Kelsey Kolojejchick and the Pride of the Badass

As we approach the first ever Erwin Cup match, this Saturday between Duke and UNC field hockey, I thought it’d be appropriate to have some coverage. Luckily, in a sports writing class at UNC last year, our professor sent us to interview UNC star Kelsey Kolojejchick. She was the team’s leading scorer, and we talked with her in a facility near their field. This was the result.

The Pride of the Badass

The first thing you notice about sophomore Kelsey Kolojejchick, besides that twisting, impossible name, is her ego.

Oddly enough, it’s not a bad thing. Not entirely.


Kelsey is a UNC field hockey star who believes in God. And she believes that God protects her.

The Gift of Fury

“There have just been a lot of instances where I’ve been injured but not taken out completely,” she said to a room full of writers. “I just think from going to church, praying every night, things like that…it’s been keeping me and my family safe. I just think He’s been looking down for me for a long time.”

This belief in God is legitimate, but it’s also a code. When you crack the cipher, the true message is revealed: Kelsey Kolojejchick believes in herself.


Ko-lo-jay-check, emphasis on the jay. That’s how you pronounce her name, if you’re so inclined.

Her accolades might be easier to remember. In 2009, as a freshman, she was named national rookie of the year. Her efforts helped lead the Tar Heels to an upset victory over Maryland in the national title game. This past fall, she led the Tar Heels in scoring. The team only lost three games all season, but each of them came at the hands of those same Maryland Terrapins. The final setback was a title rematch.


You wouldn’t call Kolojejchick pretty- she has a solid athlete’s build and lively eyes- but she radiates energy. You feel her presence when she enters a room, and she speaks quickly. Her cadence isn’t nervous, and it’s not hurried. She’s just eager to say everything that’s on her mind, to let her soul spill forth and let the words fall where they may.

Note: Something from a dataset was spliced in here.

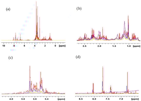 - Emwas, A.H.; Saccenti, E.; Gao, X.; McKay, R.T.; dos Santos, V.A.P.M.; Roy, R.; Wishart, D.S. Recommended strategies for spectral processing and post-processing of 1D 1 H-NMR data of biofluids with a particular focus on urine. Metabolomics 2018, 14, 31. [Google Scholar] [CrossRef]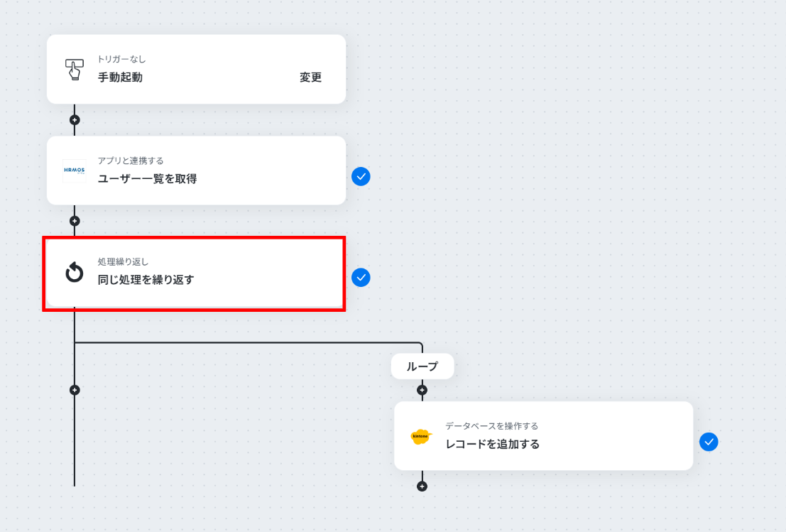 ステップ5:同じ処理を繰り返す 続いて、ステップ4で取得したリスト形式の情報をユーザーごとに切り分ける設定を行います。 これにより、ユーザーごとの詳細情報を個別にkintoneに追加できるようになります! 「同じ処理を繰り返す」をクリックしましょう。 ※「同じ処理を繰り返す」オペレーション間の操作は、チームプラン・サクセスプランでのみご利用いただける機能となっております。 フリープラン・ミニプランの場合は設定しているフローボットのオペレーションやデータコネクトはエラーとなりますので、ご注意ください。

But when you’ve worked out the puzzle, you’re left with contradictions.

First, despite her religiosity, she’s not a beacon of moral rectitude. Her friend and teammate Caitlin Van Sickle calls her a “badass.” That’s partly due to Kolojejchick’s three tattoos (a cross on her hip, an alpha/omega sign, and a quote: “it’s never too late”), partly because of her history (on field and off- Van Sickle makes vague allusions to an incident in high school involving alcohol), and partly because of her attitude.

On the field, Kolojejchick has a reputation for aggressive play and aggressive posturing. She’s more than willing to scream at a referee, for instance, a trait that Coach Karen Shelton has had to curb over the past two years. While it serves her well on offense, it can lead to a chronic disinterest when defense is necessary.

“As a freshman, she had such bad habits,” Shelton said. “Yes, she was good and she could score some goals, but if you don’t get back, it’s hard to tell your teammates to get back. You’ve got to have your house in order before you can lead others.”

Shelton concedes that her prodigy has improved in that department, but warns that there’s a long way to go.


Per Shelton, this is Kolojejchick at her best:

“We were playing at Duke last year, and we were down a goal but came back to tie it. Late in the game, we called her corner, she tapped it in, and it was this great win. She’s got a lot of those. You put the ball in her hands at the end, and she can carry you.”


And her worst:

“It was a spring game in Syracuse. Kelsey fell over, got tripped, whatever. But she stayed down on the ground. Wasn’t hurt, but just didn’t get up quick. If you get knocked down, you can get up and sprint back. But she stayed down on the ground, and meanwhile the other team goes down and scores a goal. So we took Kelsey out, and sat her. Then we came from behind to win. And it was an important message to send to her: our team can win without you.”

A strong ego can attract, and it can repel.


Kelsey, unlike her friend Caitlin, blames this year’s title game loss on the referees. And this is not atypical.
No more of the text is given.